*WHAT YOU SHOULD DO*:
Look below for the line containing "В апреле - мае", then write out that line and every line after it to the end, exactly, minus the pictures.

*PROVIDED DATA*:

Segment Open

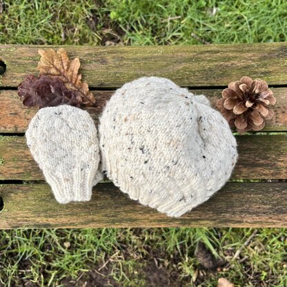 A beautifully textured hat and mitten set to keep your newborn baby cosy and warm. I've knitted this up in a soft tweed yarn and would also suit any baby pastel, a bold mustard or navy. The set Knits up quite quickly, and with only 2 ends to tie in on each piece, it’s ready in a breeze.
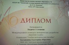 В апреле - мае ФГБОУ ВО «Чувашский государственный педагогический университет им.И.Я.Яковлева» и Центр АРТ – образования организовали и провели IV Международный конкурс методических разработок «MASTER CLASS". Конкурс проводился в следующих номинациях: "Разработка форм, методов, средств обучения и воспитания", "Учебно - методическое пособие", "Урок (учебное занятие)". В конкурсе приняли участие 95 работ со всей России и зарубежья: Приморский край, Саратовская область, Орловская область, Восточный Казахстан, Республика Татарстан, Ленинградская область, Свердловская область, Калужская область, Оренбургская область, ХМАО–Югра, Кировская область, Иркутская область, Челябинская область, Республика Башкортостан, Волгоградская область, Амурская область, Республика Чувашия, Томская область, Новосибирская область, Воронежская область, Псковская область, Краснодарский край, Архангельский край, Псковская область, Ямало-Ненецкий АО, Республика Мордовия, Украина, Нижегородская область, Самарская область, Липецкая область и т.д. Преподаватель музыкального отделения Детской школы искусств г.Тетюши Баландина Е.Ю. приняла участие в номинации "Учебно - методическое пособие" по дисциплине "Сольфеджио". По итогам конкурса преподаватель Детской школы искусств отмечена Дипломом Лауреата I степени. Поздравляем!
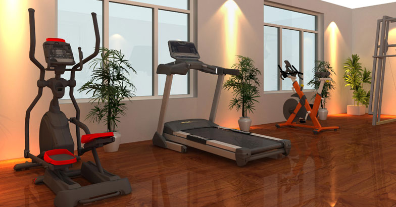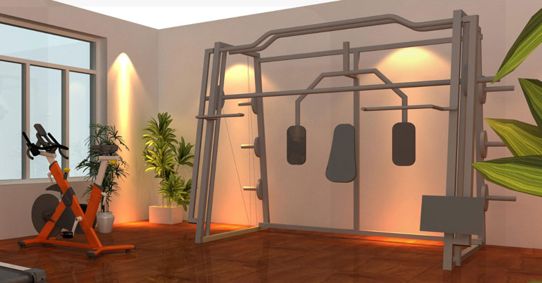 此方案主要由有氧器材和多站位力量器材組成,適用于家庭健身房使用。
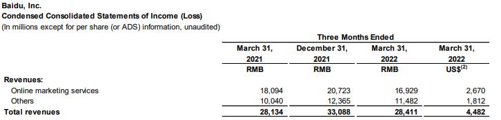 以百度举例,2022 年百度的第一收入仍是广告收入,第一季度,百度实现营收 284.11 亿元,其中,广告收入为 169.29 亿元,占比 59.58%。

Segment Closed

*TASK ANSWER*:
 В апреле - мае ФГБОУ ВО «Чувашский государственный педагогический университет им.И.Я.Яковлева» и Центр АРТ – образования организовали и провели IV Международный конкурс методических разработок «MASTER CLASS". Конкурс проводился в следующих номинациях: "Разработка форм, методов, средств обучения и воспитания", "Учебно - методическое пособие", "Урок (учебное занятие)". В конкурсе приняли участие 95 работ со всей России и зарубежья: Приморский край, Саратовская область, Орловская область, Восточный Казахстан, Республика Татарстан, Ленинградская область, Свердловская область, Калужская область, Оренбургская область, ХМАО–Югра, Кировская область, Иркутская область, Челябинская область, Республика Башкортостан, Волгоградская область, Амурская область, Республика Чувашия, Томская область, Новосибирская область, Воронежская область, Псковская область, Краснодарский край, Архангельский край, Псковская область, Ямало-Ненецкий АО, Республика Мордовия, Украина, Нижегородская область, Самарская область, Липецкая область и т.д. Преподаватель музыкального отделения Детской школы искусств г.Тетюши Баландина Е.Ю. приняла участие в номинации "Учебно - методическое пособие" по дисциплине "Сольфеджио". По итогам конкурса преподаватель Детской школы искусств отмечена Дипломом Лауреата I степени. Поздравляем!
 此方案主要由有氧器材和多站位力量器材組成,適用于家庭健身房使用。
 以百度举例,2022 年百度的第一收入仍是广告收入,第一季度,百度实现营收 284.11 亿元,其中,广告收入为 169.29 亿元,占比 59.58%。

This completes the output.